Let’s practise and perform a wilcoxon test from the coin package on one taxon.

# run wilcoxon test
wtsingle <- coin::wilcox_test(taxtab[,"Muribaculum intestinale"] ~ mocktreat, data = taxtab, confint=TRUE)

# get the p-value
coin::pvalue(wtsingle)

Q10: Is this taxon significantly different between timepoints?

Why is this the case? Let’s look at the box plot to see.

Mint <- taxtab %>% 
  select(c("Muribaculum intestinale","mocktreat")) %>% 
  gather(key=taxa,value = rel_abund,-mocktreat)

ggplot(Mint, aes(x=mocktreat,y=rel_abund)) +
  geom_boxplot(aes(color=mocktreat)) +
  geom_jitter(aes(x=mocktreat,color=mocktreat))

6.2. Perform Wilcoxon test to compare two groups

First we create an empty dataframe to collect the results from the multiple tests for each species.

# save all taxa names
taxnames<-brel_spec$taxa

# empty dataframe, setting up all required columns
df_w<-data.frame(pvalue= vector(length = length(taxnames)), 
                 padjust = vector(length = length(taxnames)))
rownames(df_w)<-taxnames # set rownames to taxa

Then we run the wilcoxon test in a for-loop for each species and save the p-value to our dataframe.

for (taxa in taxnames) {
    wt <- coin::wilcox_test(taxtab[,taxa] ~ mocktreat, data = taxtab)
    df_w[taxa,"pvalue"] <- coin::pvalue(wt)
}

Since now we performed many statistical tests, we need to adjust our p-value for multiple testing. Find out more here ?p.adjust. Here we do this according to the Benjamini-Hochberg (BH) correction.

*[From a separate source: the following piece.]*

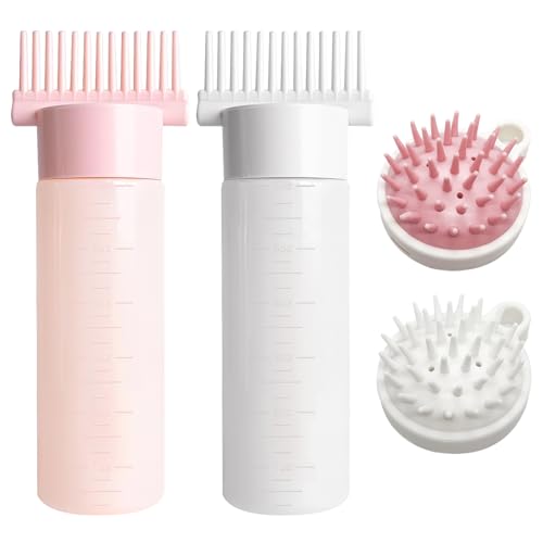 TAIHOBO 2 hårolja applikator 180 ml med 2 hårbotten massageborste, applikator flaska hår med graderad skala, håroljeapplikator flaska jämn hårfärgningsborste, rotkam flaska olja hår

# Correct p-values for multiple testing (using BH)
df_w$padjust <- p.adjust(df_w$pvalue, method = "BH")
head(df_w)

You can see that we have unadjusted and adjusted p-values for each species.

Q11: How many species were differentially abundant after p-vajue correction? Which species?

# only significant taxa
df_w_sig <- subset(df_w, padjust<0.05)
head(df_w_sig)

sigtax<-rownames(df_w_sig)
sigtax

Now plot the significantly different species as boxplot to see the shift.

sigtax<-taxtab %>%
  select(c(all_of(sigtax),mocktreat)) %>%
  gather(key=taxa,value = rel_abund,-mocktreat)

ggplot(sigtax, aes(x=mocktreat,y=rel_abund)) +
  geom_boxplot(aes(color=mocktreat)) +
  theme(axis.text.x = element_text(angle=45,hjust = 1)) +
  geom_jitter(aes(color=mocktreat), alpha=0.5, size=2) +
  ggtitle("Significantly different taxa") +
  facet_grid(. ~ taxa)

Q12: What do you see in the box plots?